### [EXERCISE BRIEF]
Pictures must not appear in the copy. Set down exactly the line with "4. The Copper" and each line after it through the end of the data below.

GIVEN DATA below:

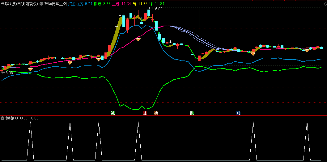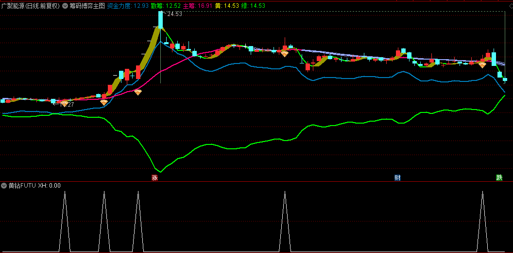 本套技术指标系统整合了三大关键要素:高低趋势线、资金强度指标以及散筹/主筹动态线。
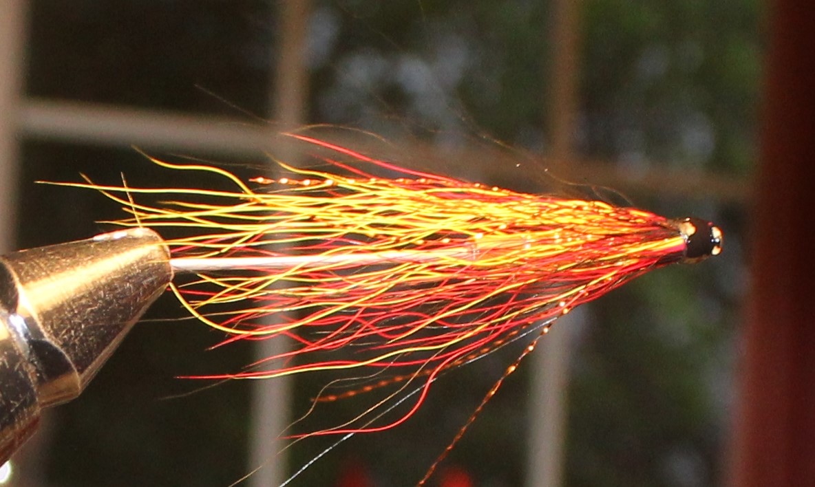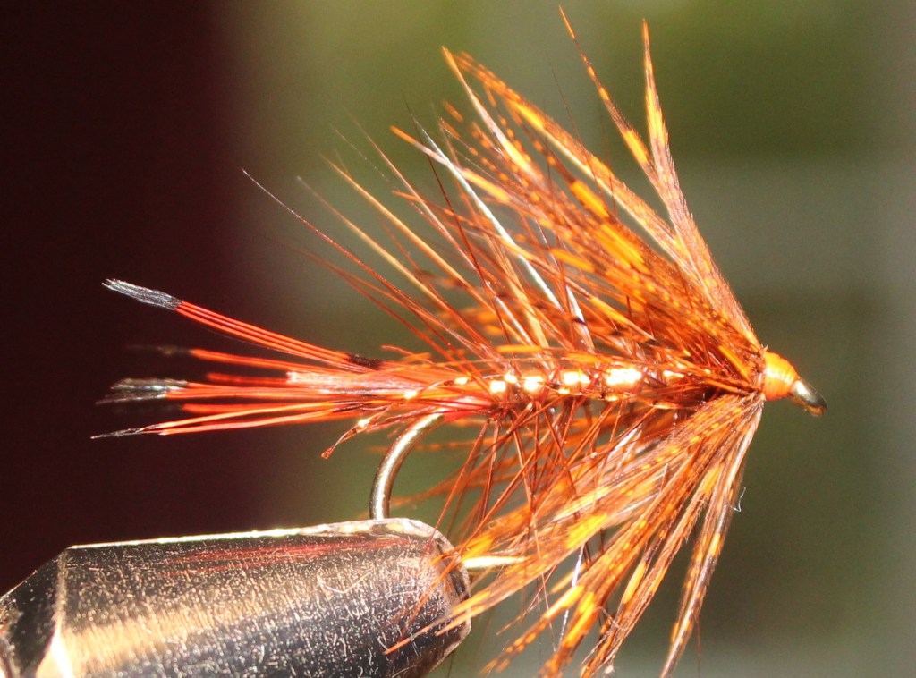 4. The Copper Ally’s is an old pattern now, a simple variation on the ever-popular shrimp pattern. I tie it with a tail made of orange, yellow and red bucktail plus a few strands of copper flash. The body is copper tinsel with a red wire rib and the wing is short brown squirrel hair. Some copper flash can be added to the wing if so desired. The hackle is hot orange, either cock or hen depending on what your personal taste is. Tied very small this can be a good fly for the grilse especially if there is a wee touch of colour in the river.
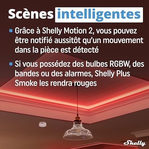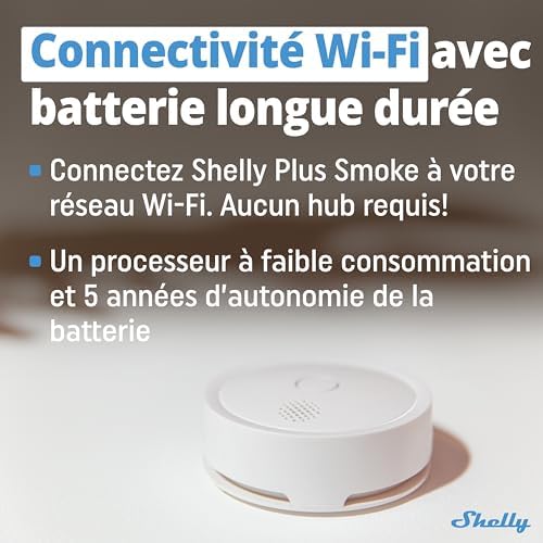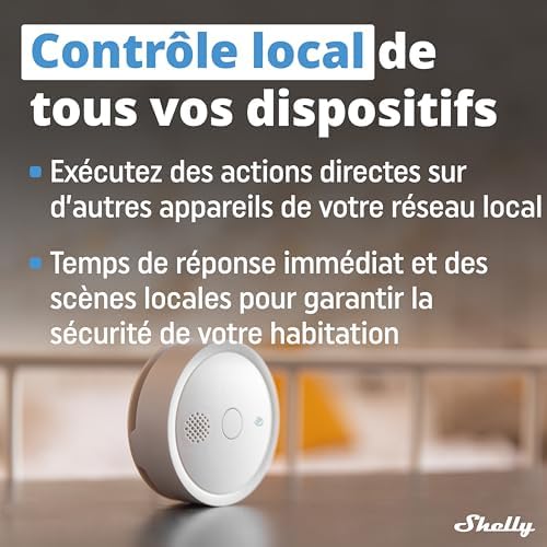 À propos de cet article Détecteur de fumée à distance – Une fois intégré dans votre app Shelly Smart Control (via Wi-FI ou Bluetooth), Shelly Plus Smoke est accessible à distance (via Wi-FI seulement), vous alertant de tout danger au sein de votre domicile Alertes et Notification immédiates – Hormis l’alerte sonore (>85 db) et lumineuse, le dispositif est encore en mesure de vous avertir d’une incendie via des notifications smartphone en temps réel Actions et Scènes intelligentes – Profitez des scènes intelligentes et des crochets web pour activer d’autres dispositifs Shelly et améliorer davantage la sécurité : associé à votre interrupteur connecté Shelly, le dispositif peut couper l’alimentation de tous les appareils chez vous ou bien allumer l’éclairage de secours Autonomie de 5 ans – Shelly Plus Smoke profite non seulement d’une impeccable sensibilité, mais également d’une longue et fiable autonomie de la batterie, allant jusqu’à 5 ans Commande vocale ou via App – L’app Shelly Smart Control vous aide à contrôler vos appareils et équipements électriques à distance, personnalisant vos automatisations à l’infini; Par ailleurs, ce dispositif permet encore un pilotage à travers plusieurs assistant vocaux et systèmes de Domotique, dont Alexa, Google et SmartThings
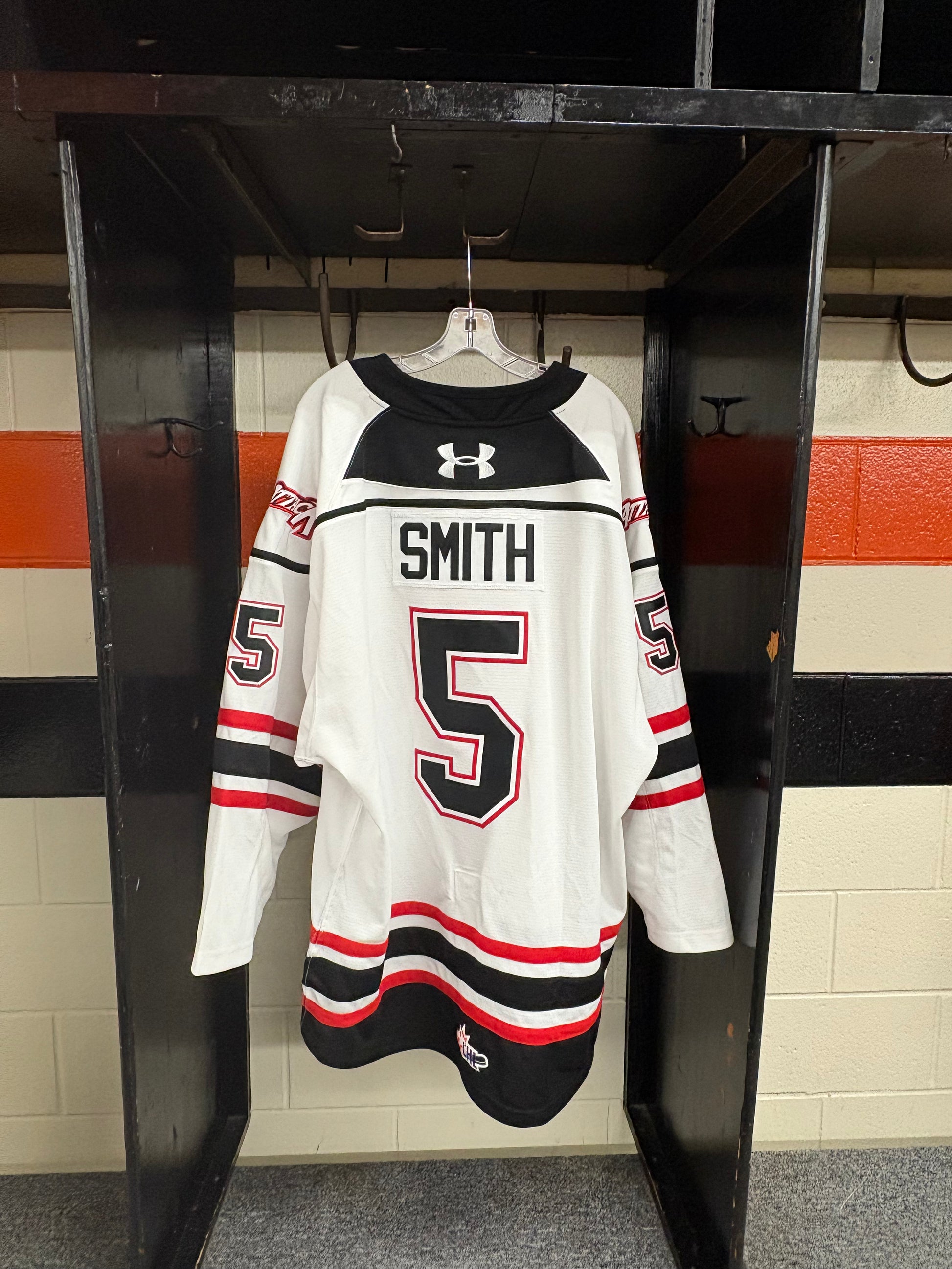 Game Issued and worn Owen Sound Attack UA Jerseys from the 2025-26 season. Jerseys come in numerical sizing, the size letter in the bracket beside the number coincides with the closest size comparison in our replica line. Worn status is in item title.

End of GIVEN DATA.

### [ANSWER FOR THE TASK]
 4. The Copper Ally’s is an old pattern now, a simple variation on the ever-popular shrimp pattern. I tie it with a tail made of orange, yellow and red bucktail plus a few strands of copper flash. The body is copper tinsel with a red wire rib and the wing is short brown squirrel hair. Some copper flash can be added to the wing if so desired. The hackle is hot orange, either cock or hen depending on what your personal taste is. Tied very small this can be a good fly for the grilse especially if there is a wee touch of colour in the river.
 À propos de cet article Détecteur de fumée à distance – Une fois intégré dans votre app Shelly Smart Control (via Wi-FI ou Bluetooth), Shelly Plus Smoke est accessible à distance (via Wi-FI seulement), vous alertant de tout danger au sein de votre domicile Alertes et Notification immédiates – Hormis l’alerte sonore (>85 db) et lumineuse, le dispositif est encore en mesure de vous avertir d’une incendie via des notifications smartphone en temps réel Actions et Scènes intelligentes – Profitez des scènes intelligentes et des crochets web pour activer d’autres dispositifs Shelly et améliorer davantage la sécurité : associé à votre interrupteur connecté Shelly, le dispositif peut couper l’alimentation de tous les appareils chez vous ou bien allumer l’éclairage de secours Autonomie de 5 ans – Shelly Plus Smoke profite non seulement d’une impeccable sensibilité, mais également d’une longue et fiable autonomie de la batterie, allant jusqu’à 5 ans Commande vocale ou via App – L’app Shelly Smart Control vous aide à contrôler vos appareils et équipements électriques à distance, personnalisant vos automatisations à l’infini; Par ailleurs, ce dispositif permet encore un pilotage à travers plusieurs assistant vocaux et systèmes de Domotique, dont Alexa, Google et SmartThings
 Game Issued and worn Owen Sound Attack UA Jerseys from the 2025-26 season. Jerseys come in numerical sizing, the size letter in the bracket beside the number coincides with the closest size comparison in our replica line. Worn status is in item title.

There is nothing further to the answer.